To finish off the field school, everyone gave a presentation. The geophysics groups gave one on a particular scientific question, while the geochem people talked about what they had been up to.
These were generally pretty cool, especially the geochem. This was mostly because I had no real idea what they had been up to, and it was good to hear. They have done some fairly original (preliminary) studies which sound well worthwhile, and certainly add something to the knowledge of the Molopo Farms Complex (which seems to be related to the Bushveld Complex).
For the rest, because I was involved in gathering at least some of the data, there were no big surprises. The magnetic data was pretty interesting though, and might lead to some revision being required for the geological map of the area, which is always nice to know.
After the presentations, we headed over to the geosciences building and had a late lunch/farewell celebration. We all got certificates of attendance, which was nice. They did get “Bentley” wrong though, which makes me wonder if “Bently” a common name?
We also got some t-shirts, sponsored by MeerCat and Red Dog:
After that, we headed to Musa’s (Dr Manzi) for the real celebration. This was a really good chance for everyone to unwind and say farewell. A couple of people did not attend, because they were leaving that night.

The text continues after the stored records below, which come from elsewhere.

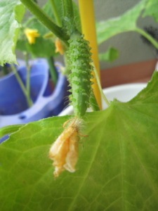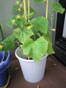 我家のミニミニ ベランダ菜園ではキュウリの赤ちゃんが
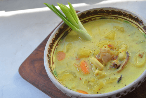 Transfer the vegetables with seafood to boiling water. Add coconut milk, juice of half a lemon, and spices to taste.
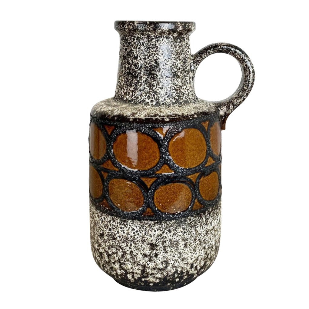 The jug has a sturdy handle and a balanced, sculptural shape that works beautifully as a decorative vase or display piece. Natural variations in the glaze and surface wear are present, adding to its authentic vintage appeal.
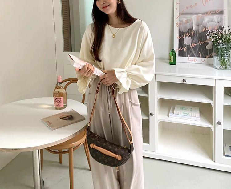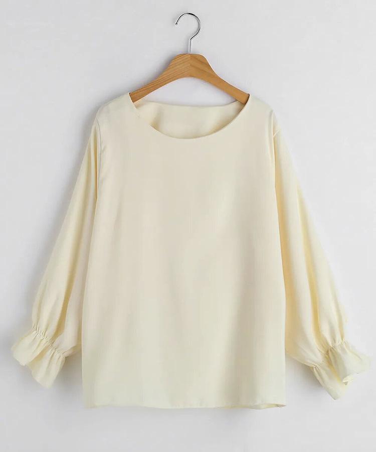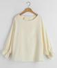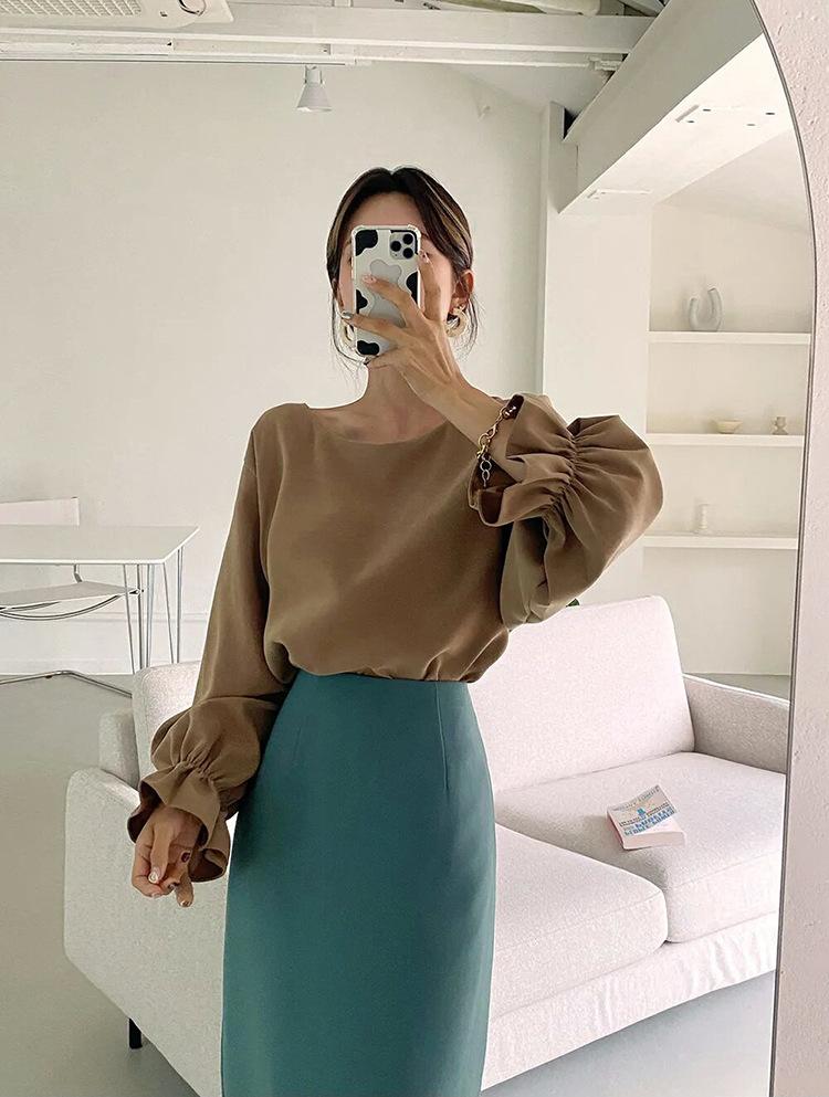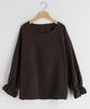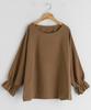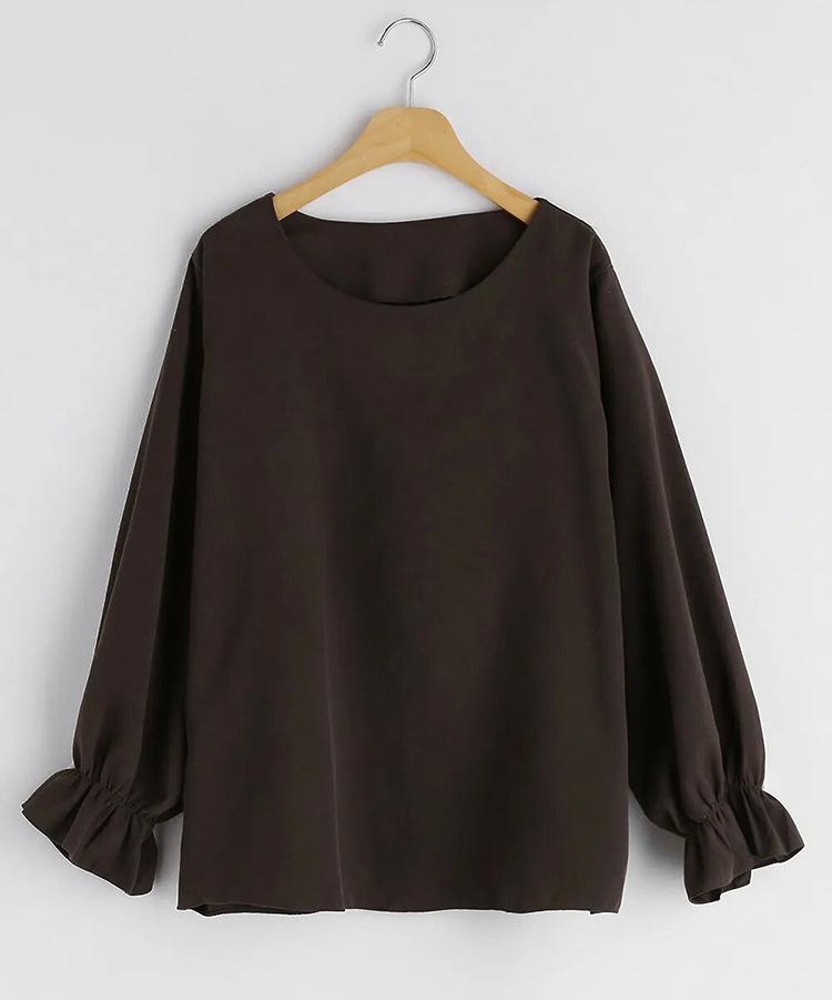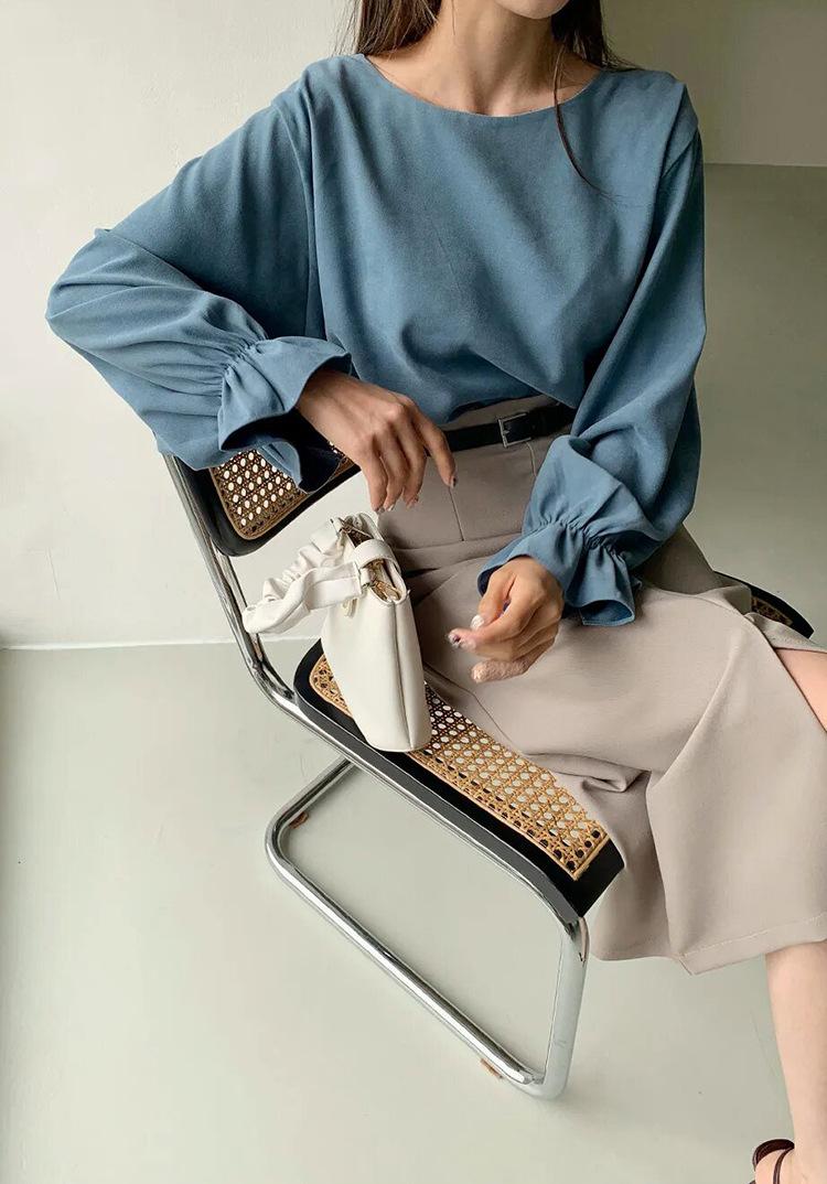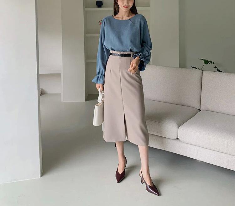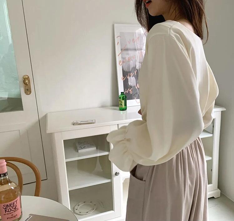 Camiseta de otoño estilo coreano para mujer, combinable con todo, cuello redondo, manga acampanada, jersey de color liso

While I will write a full retrospective, I just want to say that this was a really worthwhile opportunity, and if I could go again I certainly would. If there is anyone considering helping this iniative in some way, it is definitely a valuable. Growing earth science capacity in Africa is something that needs to happen, more people need to understand what and how earth sciences work, and how valuable they can be for development. Things such as this field school are a great way to do this, and should be encouraged.